Monday, April 16, 2007

From Mill Towns to High-Tech Cities

Back in February, the's article: Steering Mill Towns Closer To Tech-Boom Riches indicated that the old mill towns in Massachusetts may be affordable housing solutions. The technology boom has benefited the Boston area, but bypassed the historic mill towns of Massachusetts, which are no longer an integral part of today's knowledge economy. But now those old manufacturing centers are being seen as an answer to the problems stemming from Boston's success: congested highways and workers who can no longer afford to live there. Between 1994 and 2005, real median home prices in Boston more than doubled to $429,000, complicating the area's effort to recruit workers and residential development in Boston consumed nearly 90,000 acres of undeveloped land between 1985 and 1998, contributing to road congestion.

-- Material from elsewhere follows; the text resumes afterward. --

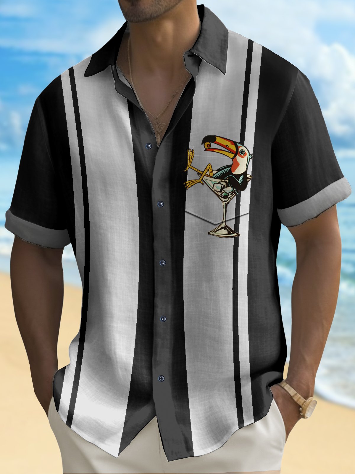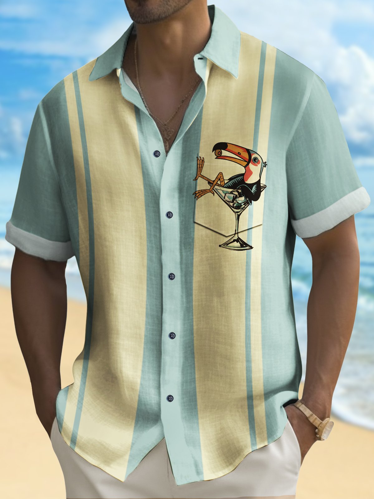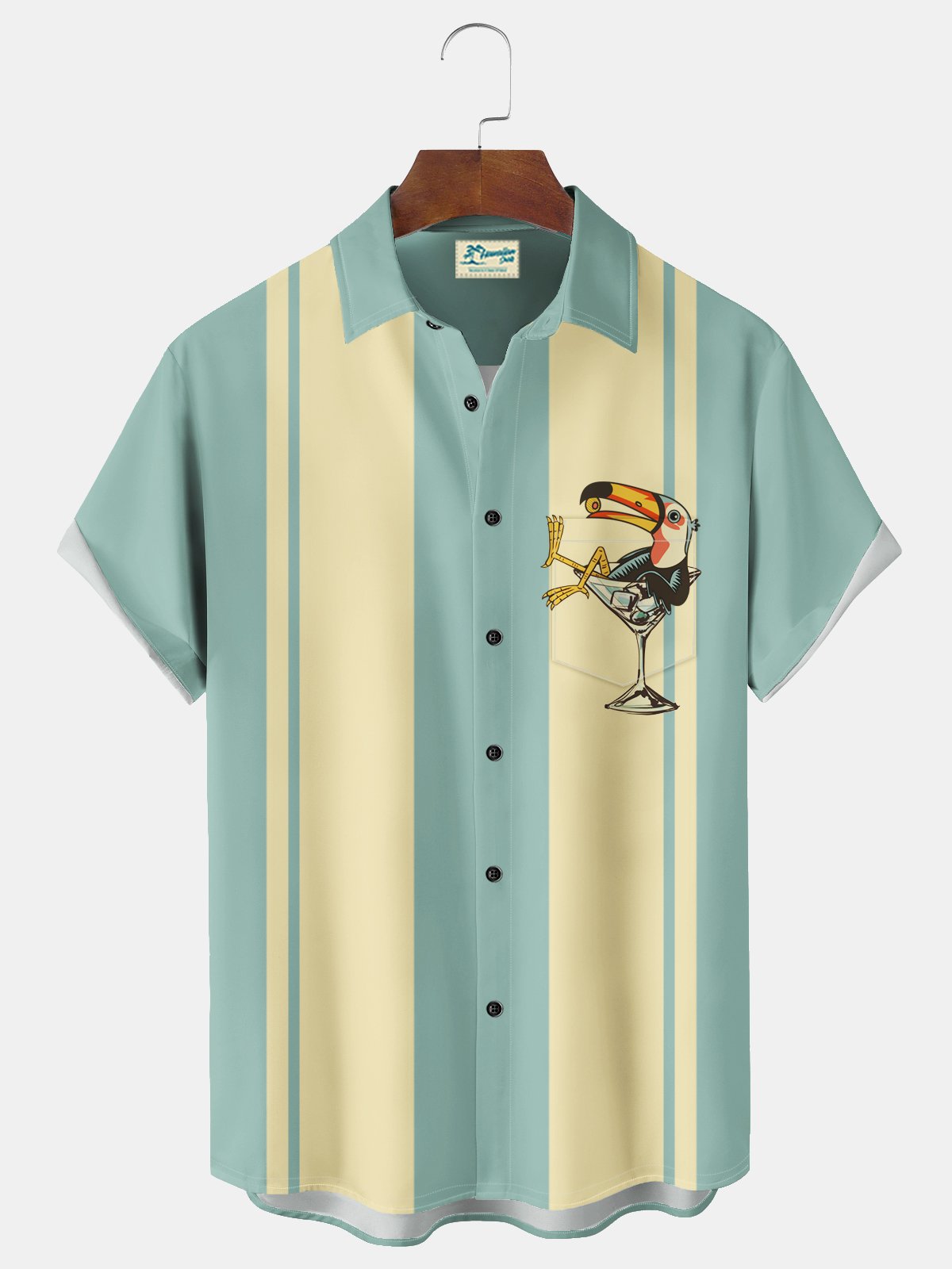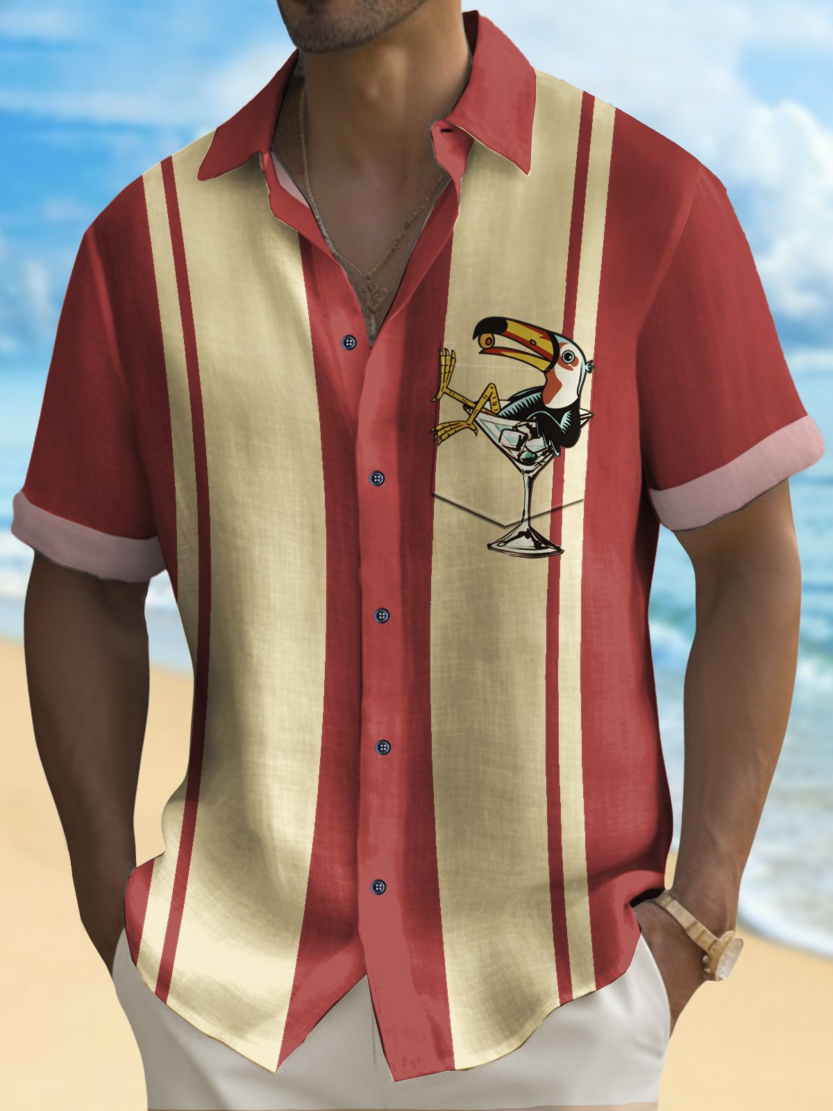 Alohadaddy Retro Bowling Cartoon Bird Print Hawaiian Shirt Plus Size Holiday Shirt

A report by the Brookings Institution and Boston think tank MassINC, Reconnecting Massachusetts Gateway Cities, suggests that the old mill towns could provide the Boston area's high-tech employers with needed workers, affordable housing and a model for growth that doesn't involve suburban sprawl.

Massachusetts shows how unevenly distributed a high-tech boom can be. According to the Brookings and MassINC report, the Boston area's share of the state's technology companies has grown to 60% from 53% in 1994. The area added 467,000 jobs between 1970 and 2005. Today, it is home to 40% of the state's population and 50% of its private-sector jobs and generates 60% of the state's payroll.

During the same period, 11 Massachusetts mill towns or gateway cities -- Brockton, Fall River, Fitchburg, Haverhill, Holyoke, Lawrence, Lowell, New Bedford, Pittsfield, Springfield and Worcester -- lost more than 11,000 jobs. Today they account for 15% of the state's population, 13% of its private jobs and less than 10% of its public payroll.

In addition to the uneven distribution of high-tech jobs, the wealth gap is correspondingly large. The mill towns, which have large numbers of immigrants and minorities, account for 30% of the state's residents living in poverty, according to the report. These trends represent "a serious threat to the overall economic competitiveness of Massachusetts" according to the report.

Brookings and MassINC acknowledge transforming the mill towns into realistic alternatives for high-tech employers will be a challenge. But the report suggests the state needs to try to make the mill towns more economically attractive. Among its recommendations: linking state aid to local governments' cost-control efforts, establishing data systems to track local spending, making city budgets more transparent, and developing public-private partnerships.

Haverhill, Massachusetts, an industrial town 35 miles north of Boston is already trying to capitalize on its location and affordability. The median home price is $266,000, 38% less than in Greater Boston and rezoning has allowed for the redevelopment of shuttered factories into residential loft space, as well as the city's first big-box retail development. The town has good rail and road connections to Greater Boston and is positioning itself to attract biotechnology and pharmaceutical companies. It will be interesting to see if these mill towns will be successful in luring high-tech industries or if they will continue to lose jobs to the Boston area.